Am I slowly dying from fear of dying before I am even ill?

Fear

February 2020, Aarhus, Denmark

I’m lying down in my bed, right before sleeping, scrolling through my Facebook wall, seeing some posts and articles about the Coronavirus outbreak in China, making its way towards us in Europe, especially through Italy.

I feel anxiety sneaking into my body.

I read about people stranded inside a ship and quarantined in a hotel. A city bigger in population than the country I live in is on lockdown.

I feel a punch of fear going right through my stomach.

My husband is about to travel for business to another country, I start scrolling through the information about the Corona-numbers for that area. It’s close to zero.

I calm down just a little bit.

Then I see the numbers growing rapidly from zero to hundreds in just a few days.

I feel the punch of fear in my stomach and heaviness in my chest. My throat contracts and it’s difficult to breathe.

A thought of having my husband stranded on foreign grounds without a possibility to come back home feels unbearable.

Not only because it’s difficult to take care of three kids alone.

Mainly because a sheer thought of being separated from a loved one in times of disease evokes trauma.

From the depth of my inner-being, the trauma of facing my father’s sudden illness from afar is resurfacing. 

And so is his death from an uncommon disease that sent his body into sepsis and had his organs fail him when he most needed them.

It wasn’t all that wise to scroll through Facebook right before going to sleep, was it?

How do I now gently sail off into the arms of Morpheus when my body is so pumped with adrenaline and cortisol?

I’ve been in this place so many times. There is no danger right now, yet, my body, my beast, is getting ready to face a deadly threat.

I start taking deep breaths in.

Sending calm all the way through my body.
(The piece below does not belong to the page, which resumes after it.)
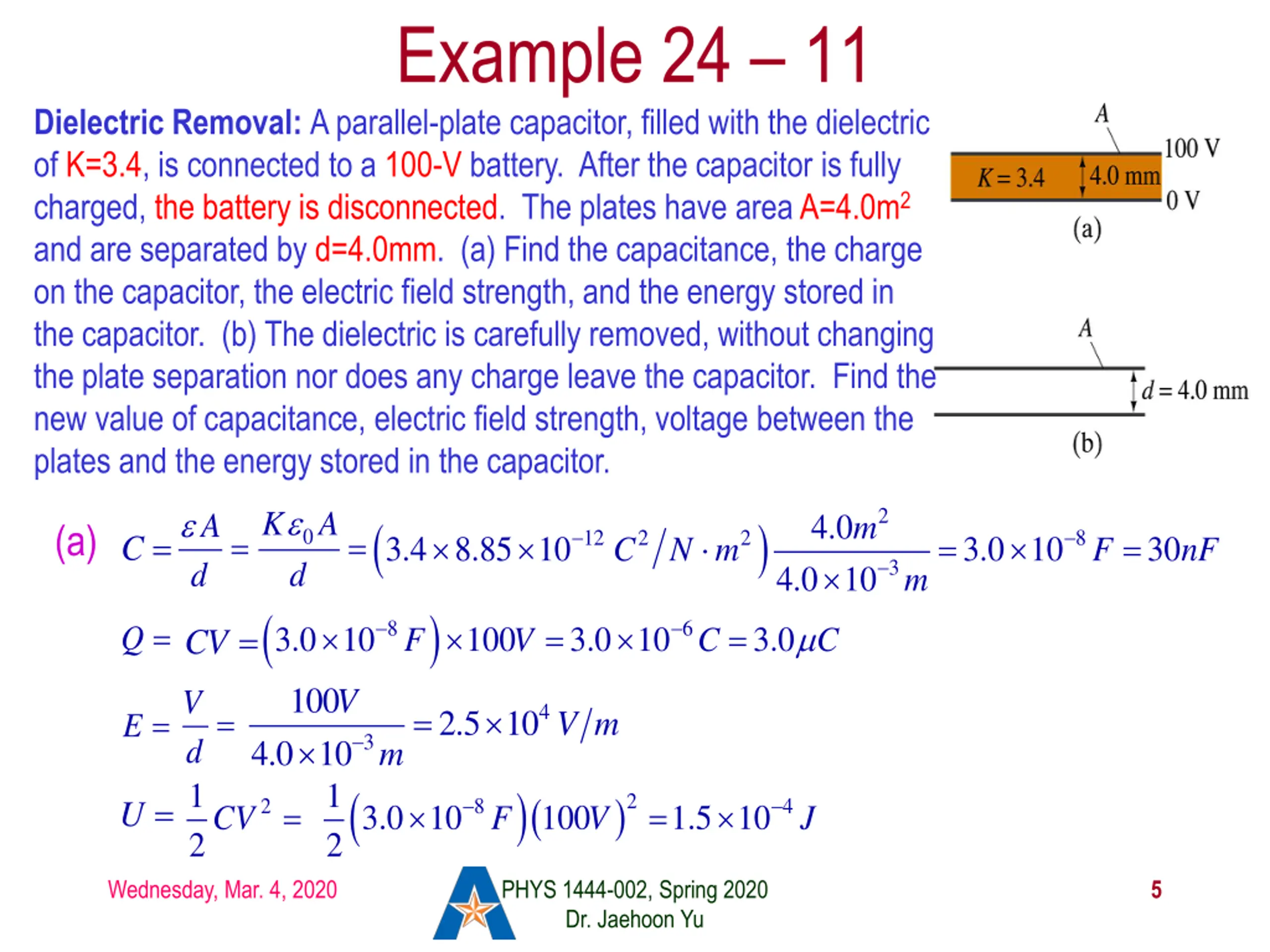 Example 24 11 Dielectric Removal: A parallel-plate capacitor, filled with the dielectric of K=3.4, is connected to a 100-V battery. After the capacitor is fully charged, the battery is disconnected. The plates have area A=4.0m2 and are separated by d=4.0mm. (a) Find the capacitance, the charge on the capacitor, the electric field strength, and the energy stored in the capacitor. (b) The dielectric is carefully removed, without changing the plate separation nor does any charge leave the capacitor. Find the new value of capacitance, electric field strength, voltage between the plates and the energy stored in the capacitor. 2 K A A =( ) 4.0 m (a) C = 0 = 12 2 2 8 3.4 8.85 10 N m = 3.0 10 = 30 C F nF 3 d d CV =( V d 1 2CV = 4.0 10 m ) Q = 8 6 3.0 10 = 3.0 10 = 100 3.0 F V C C 100 V 4 = 2.5 10 = E = V m ( 3 4.0 10 m )( 13.0 10 2 ) 2 U = 2 8 4 = 1.5 10 100 F V J Wednesday, Mar. 4, 2020 PHYS 1444-002, Spring 2020 Dr. Jaehoon Yu 5

I’m feeling better with every profound breath in and back into fear as soon as I come back to the normal breathing.

What is my problem right now? Right here, at this very moment?

Well, right now my biggest problem is that I’m freaking out on the account of something that may or may not happen in the future, based on what happened in the past.

Right now I am safe.

Right now, in this very moment, I am lying down safely in my bed, next to my husband.

We’re all safe.

Facing disease and death of our loved ones is not …

Is not what?

Is not even welcome in Western Culture.

There is one certain thing in this world: we are going to die. Definitely.

We have no idea how to deal with uncertainty. Yet, we suck in facing this one unquestionable certainty.

“I don’t want to die today, but if I were to die today, I want to know that I’ve been doing my best at living.”

And living in fear of something really bad happening, disease, or death makes me die slowly as I am still alive.

I have such easy access to fear. Great news! I must have just as easy access to the energies that outweigh the fear.

I’ve read somewhere that fear is the absence of love.

I imagine that love is around me and I start breathing it into my body. For a long time. It takes more practice to bring in the calming energies that the freaking-out energies. For now. 

I stop resisting feeling the fear. I allow it all out. I am present with it. 

Fear is energy. I can face energy.

I feel relief.

I awaken trust.

Trust that everything that is happening is happening for a reason. It’s happening in my highest and greatest good.

Why wouldn’t it?

Right now in this very moment, I have nothing to worry about. 

And if I am to face something really difficult, I will have all the resources needed to deal with it.

Why wouldn’t I?

Why would it even be happening if I didn’t?